Did not our envoys to the city state alliance bear fruit? Will not the platinum adventurer Lira come to us? Perhaps the elves with their newfound weapon that slays all manner of demonkind?”
Signi took her hand from Tyr’s and instead placed it on his shoulder plate. She shook her head curtly, but her eyes were understanding of his plight. She had known him for so long, after all, and she knew how deeply he could become wrapped up in his thoughts, how years and years of internalizing that he was a worthless abomination could still surface now even when he was king.
“The six city states of the Alliance are reeling from attacks to their own territory,” said Signi. “Never were they capable of rising above their own bickering, and that holds true even now. Our envoys to them have been left unanswered.
Lirannaven the Golden instead must spend her time defending the humans. Last I heard, she was far south in Duvin, doing battle with the herald of envy along with the legions of blood.
As for the elves, though their newfound weapon certainly brings great hope with its defeat of both herald sins of greed and pride, it will be much time before they can ever reach our mountains for we are on opposite ends of the continent.
The swarms of Gluttony and Wrath will end us before the elves have made even half their way to us.”
Signi rapped Tyr’s helm to rouse him and continued, “But you should not fear, my husband, for the very power that the elves used to bring forth their demon purging weapon is that which we utilize now for this ritual.
Using the power of the Veinheld, we may forge a path into the realm of the gods, and though we may not be able to wake them from their slumber, it is certain that you shall at the least be able to tap into the vast well of their divine might. Certainly enough to fend against the demons.”
“But what guarantee is there?” said Tyr.
Signi had told him of this ritual beforehand, and though he had zero understanding of the magical theory and concepts behind it, the effects, he understood and now grappled with. The ritual would use the throne, the master control of the Veinheld, and siphon off the vast majority of the Veinheld’s power, draining the World Vein in order to tap into a previously never before seen power using Tyr’s immensely durable and earth connected body as a conduit,
Thus, Tyr would receive any power the ritual tapped into, which in this case would be a connection forged with the slumbering gods. With the might of the gods, demons would be of little issue. The matter was simply that should the ritual fail, then the Veinheld, the main power source that fueled the war golems and mountain defenses that kept the Triforge from falling to Wrath and Gluttony would shut down, and that would doom his people to extinction.

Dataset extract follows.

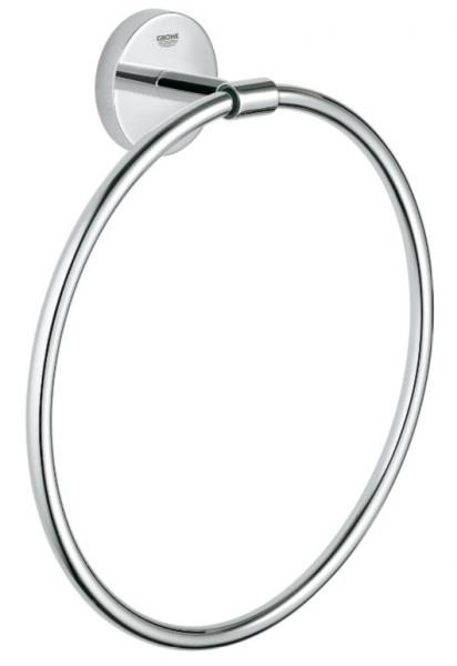 Grohe Bau Cosmopolitan håndklædering - Krom Grohe BauCosmopolitan – et moderne og tidløst design, der er perfekt til mange forskellige badeværelsesindretninger! Med en diameter på 180 mm og den slidstærke Grohe Long-Life Shine krombelægning kombinerer Grohe Essentials håndklæderingen minimalistisk elegance, førsteklasses kvalitet og design i et perfekt produkt. Kombiner den med andre produkter fra den smukke BauCosmopolitan kollektion, og skab et koordineret og harmonisk look i badeværelset. Specifikationer:

Though, in a way, it would still be one last message against the demons, for the only reason they besieged the mountains so was to tap into the Veinheld themselves.
“I myself did not believe the ritual’s efficacy. After all, the gods have slumbered since the very first Darkening, and though we may practice their magic, it is precious rare that any have ever heard their voices,” said Signi. “You know how much of a skeptic I am. I believe only that which mine eyes see. But I have seen, and I believe.
This ritual is formula of the Chronicler, the very being who allowed the elves themselves to find their own salvation.”